First of all, amazingly enough I did sleep last night – a whole 4 hours!
Taxol #1 today was entirely uneventful. Boring even. Which is the best we could hope for! So, so far so good. My friend Heidi and got lots of reading done, and it’s so nice to have her here.
I did get my preliminary lab results from the morning, and the biggies are all in normal range. White blood cell (WBC) count, red blood cell (RBC) count and platelets are all doing quite well.
However, there were a few smaller things that were off, which of course piqued my curiosity, so here goes:
1. My lymphotocyte count is low. Lab tests online reports that “Lymphocytes are natural killers of infection and regulators of antibody production.”
But from my googling it looks that’s normal for taking steroids, especially dexamethosone. In some populations even 1 mg of dexamethosone can decrease lymphocytes and I took 10 mg. As my WBC are normal, it just means that I have few T cells and B cells (that make up lymphocytes) running around to fight off infection, so I’m going to be a little more conscientious about hand washing, touching my hands to my face and nose etc. And hopefully when the steroids wear off the lymphocytes will increase.
2. & 3. Also, my RDW was slightly high, and MPVs were low, so:
“# Red cell distribution width (RDW) is a calculation of the variation in the size of your RBCs. In some anemias, such as pernicious anemia, the amount of variation (anisocytosis) in RBC size (along with variation in shape – poikilocytosis) causes an increase in the RDW.”

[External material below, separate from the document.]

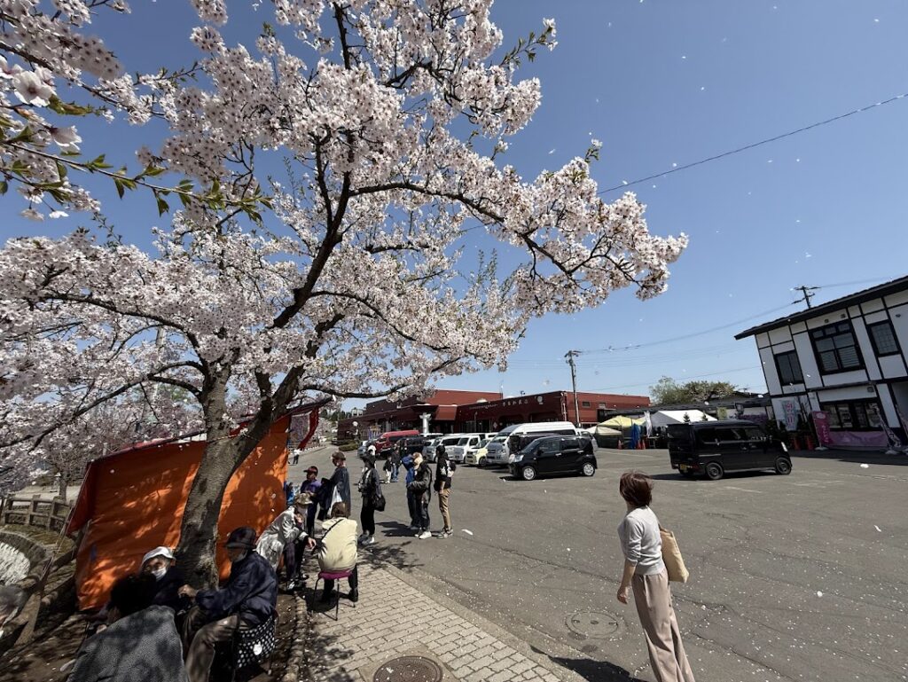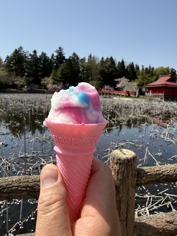 食後にはデザートが必須。アイスクリーム屋さんがあったので1つ購入。価格は200円。子供のころは100円だったなと思いつつ、あれから時間が流れて価格は2倍になっている現実。ちりんちりんアイスとかチンチンアイスとか秋田では ババヘラアイスとか呼ばれてますが要はシャーベットっぽいさっぱしたアイスクリーム。 なんだか派手な色合いが今風なのか? 桜が舞い散る中、美味しくいただきました。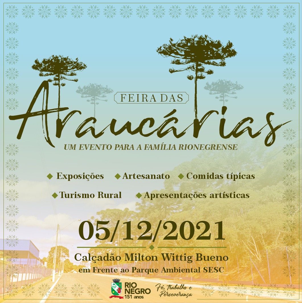 A Prefeitura Municipal de Rio Negro tem a honra de anunciar que em comemoração as festividades natalinas promove no dia 5 de dezembro (domingo) a Feira das Araucárias – Edição Natal.

“Mean platelet volume (MPV) is a machine-calculated measurement of the average size of your platelets. New platelets are larger, and an increased MPV occurs when increased numbers of platelets are being produced. MPV gives your doctor information about platelet production in your bone marrow.”
So, what I assume is that even though I still have enough red blood cells, white blood cells and platelets, the production process for all 3 in the bone marrow is decreasing, and not as many new ones are being made. Which is normal for chemo because chemo impacts the bone marrow. And my neulasta shot tomorrow will hopefully help with that.
It’s funny, my doc tells me not to worry about these things, and it’s not so much that I worry but that I like to have at least a very simple grasp of what’s going on. If your interpretation is other than what I figured out here, let me know! I’ll ask the oncology nurses more when I go in for my – gasp – $7000 white blood cell boosting count shot (neulasta).